*** Opening of Data extract ***

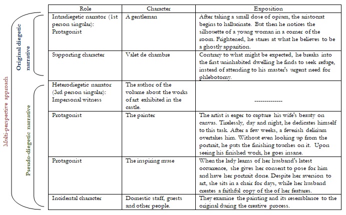 Thus, “The Oval Portrait” is told by two narrators, whose identities are as follows: Firstly, a man, who speaks in the 1st person singular to the reader, portraying himself as the protagonist. Secondly, a 3ʳᵈ person singular observer that writes a report on some tragic events. Because of its limited participation in the plot, the latter gets labeled as an “impersonal witness”. However, given its language, it should be referred to as a “personal witness”, since it expresses a sense of connection to the story’s characters.
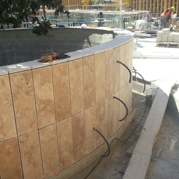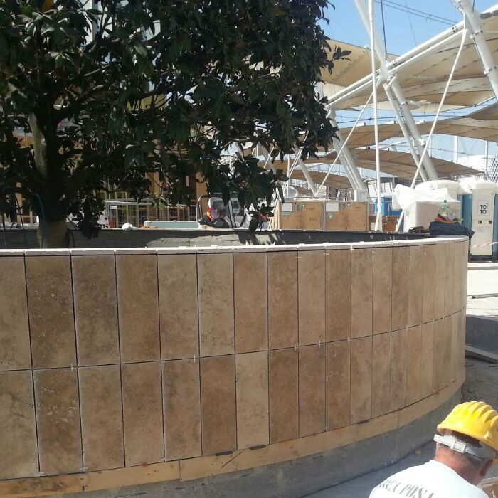 Die Firma Pietre di Rapolano wurde von NUSSLI , eine Schweizer Firma ausgewählt, die mit dem Bau und der Umsetzung des mexikanischen Pavillons beauftragt war.
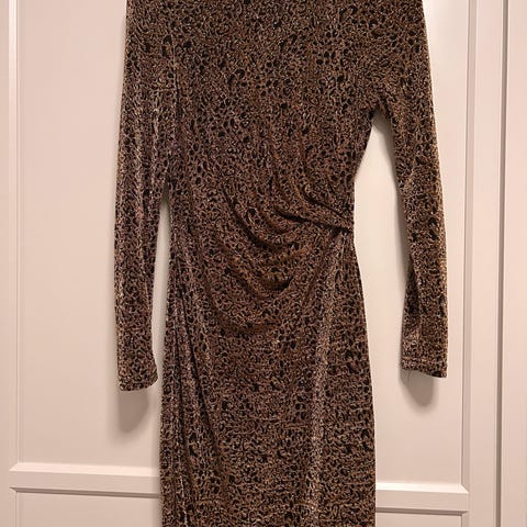 Floyd festkjole i størrelse XS, svart og gull farge med glitter. Laget for kvinner, med lange ermer og tettsittende passform. Egnet til festlige anledninger, så som julebord m.m.
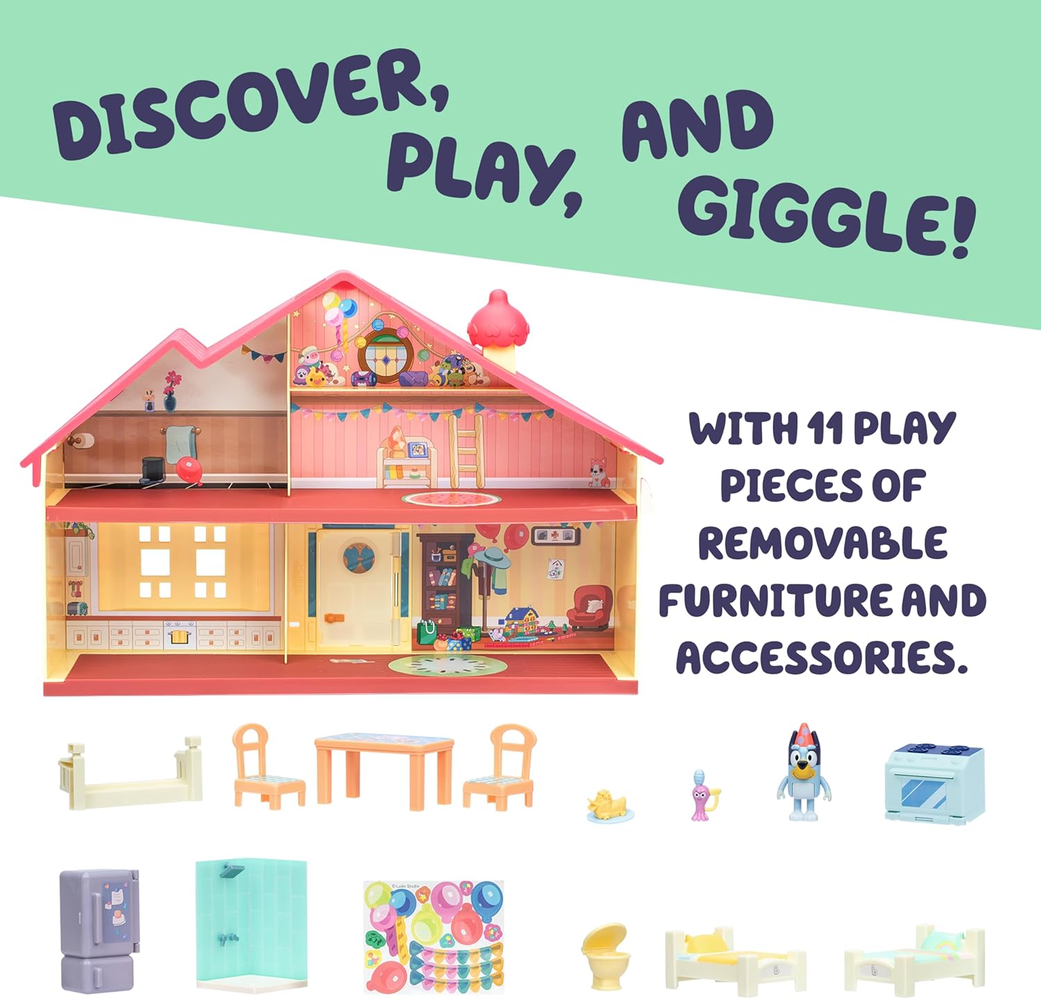 C’è un party a casa Heeler e sei invitato! Con quattro stanze diverse e due livelli, nella Celebration Home di Bluey c’è spazio per far divertire Bluey e i suoi amici! La camera da letto è perfetta per un pigiama party! Il playset è dotato di 11 accessori, tra cui due letti, un tavolo da pranzo con sedie, un frigorifero e un forno con la torta d’anatra! Usa il foglio di adesivi per decorare la casa prima dell’arrivo degli ospiti. Inclusa, troverai un’esclusiva action figure di Bluey da 6 cm che indossa un cappello da festa! La Celebration Home è dotata anche di una comoda maniglia per il trasporto, così da poter portare la festa in giro.
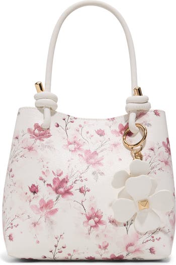 Gleaming hardware and a whimsical floral pattern highlight the structured profile of a spacious faux-leather satchel featuring a divided interior and optional crossbody strap for on-the-go convenience.
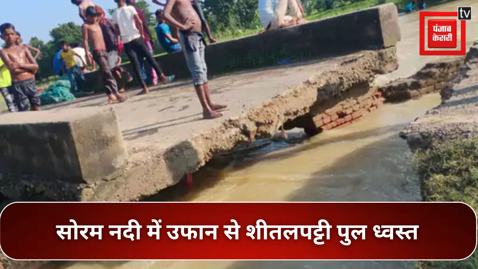 Sitamarhi News: बिहार के सीतामढ़ी जिले के बथनाहा शीतलपट्टी गांव के पास सोरम नदी पर बना पुल बुधवार सुबह पानी के तेज बहाव में पूरी तरह ध्वस्त हो गया। घटना के बाद स्थानीय लोगों में दहशत का माहौल है।
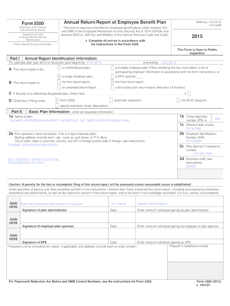 Get the free 2015 Instructions for Form 5500-EZ - Internal Revenue Service
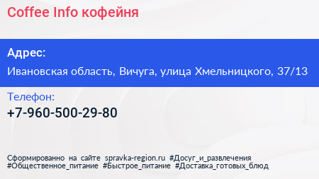 Coffee.Info, кофейня по адресу Ивановская область, Вичуга, улица Хмельницкого, 37/13 в дальнейшем Организация, размещена в следующих категориях:
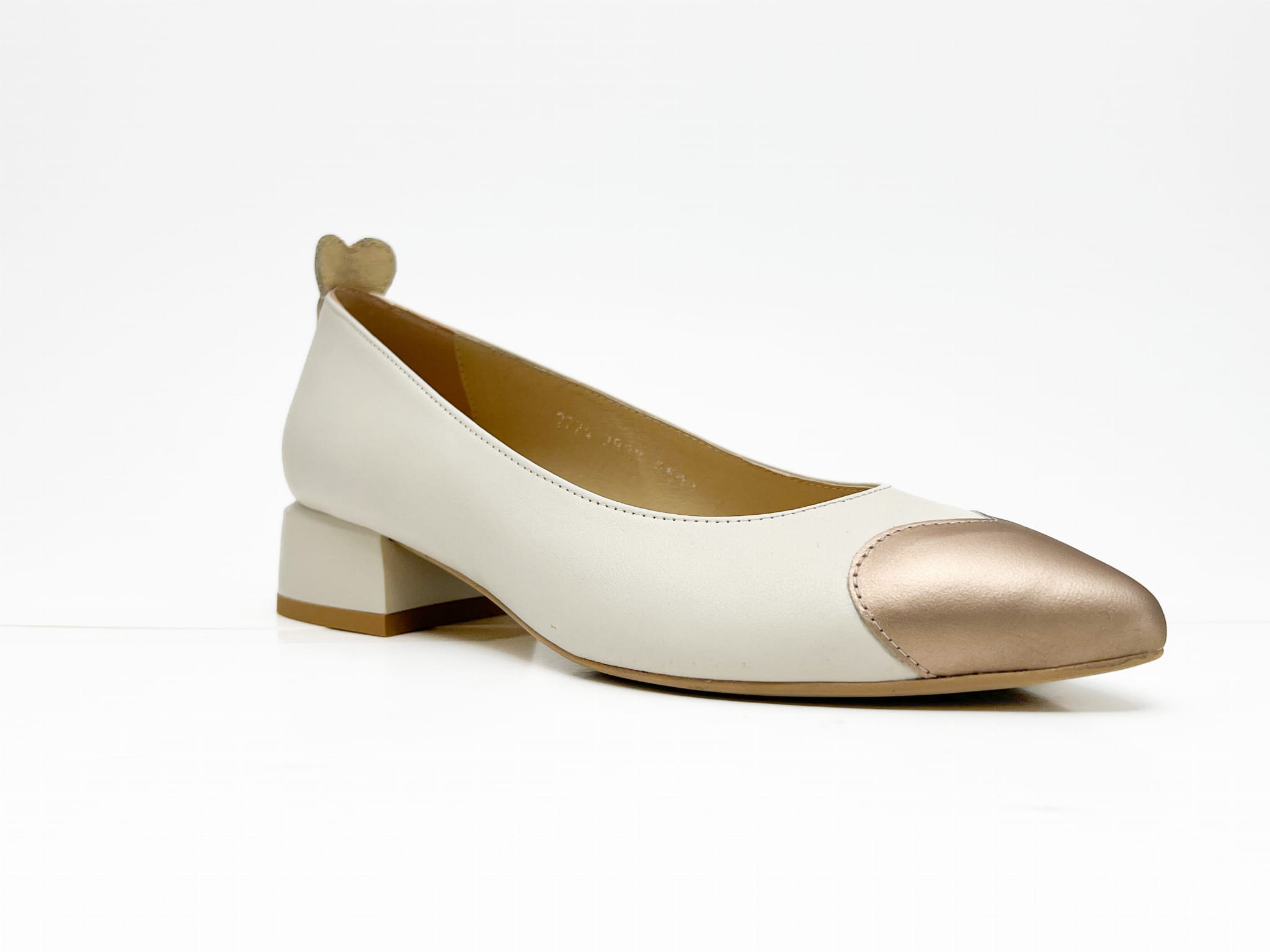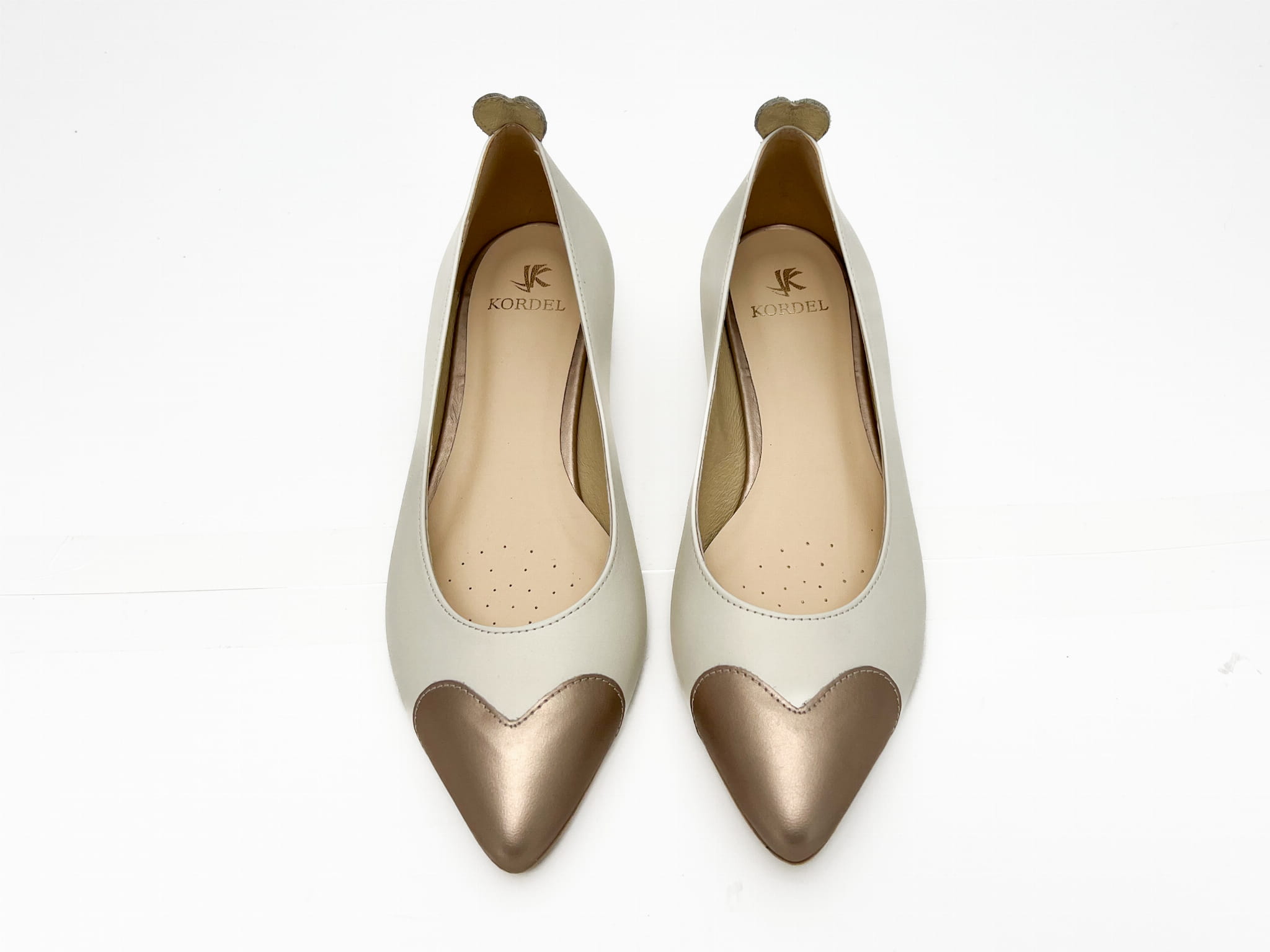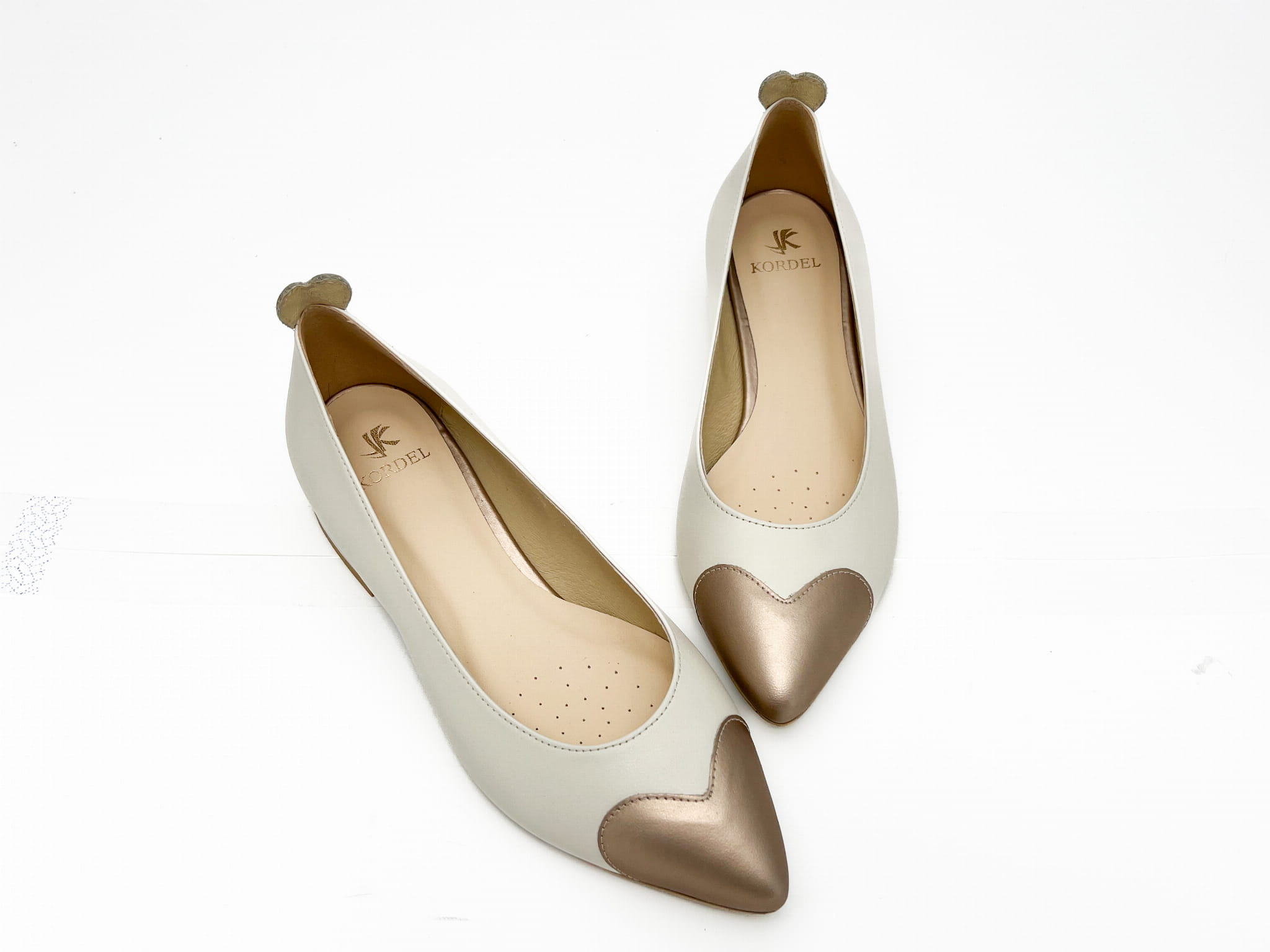 Elegancka balerina na 3 cm obcasie, w jasnym kolorze z naszytym złotym sercem. Balerina wykonana została ze skóry naturalnej, miękkie logowane wyściółki zapewnią komfort chodzenia.

*** Close of Data extract ***

#### [Assignment]
Would you write out exactly the lines above, starting at the line containing "Sitamarhi News: बिहार" and stopping after the line containing "Get the free"? Omit the pictures.

#### [Response to the task]
 Sitamarhi News: बिहार के सीतामढ़ी जिले के बथनाहा शीतलपट्टी गांव के पास सोरम नदी पर बना पुल बुधवार सुबह पानी के तेज बहाव में पूरी तरह ध्वस्त हो गया। घटना के बाद स्थानीय लोगों में दहशत का माहौल है।
 Get the free 2015 Instructions for Form 5500-EZ - Internal Revenue Service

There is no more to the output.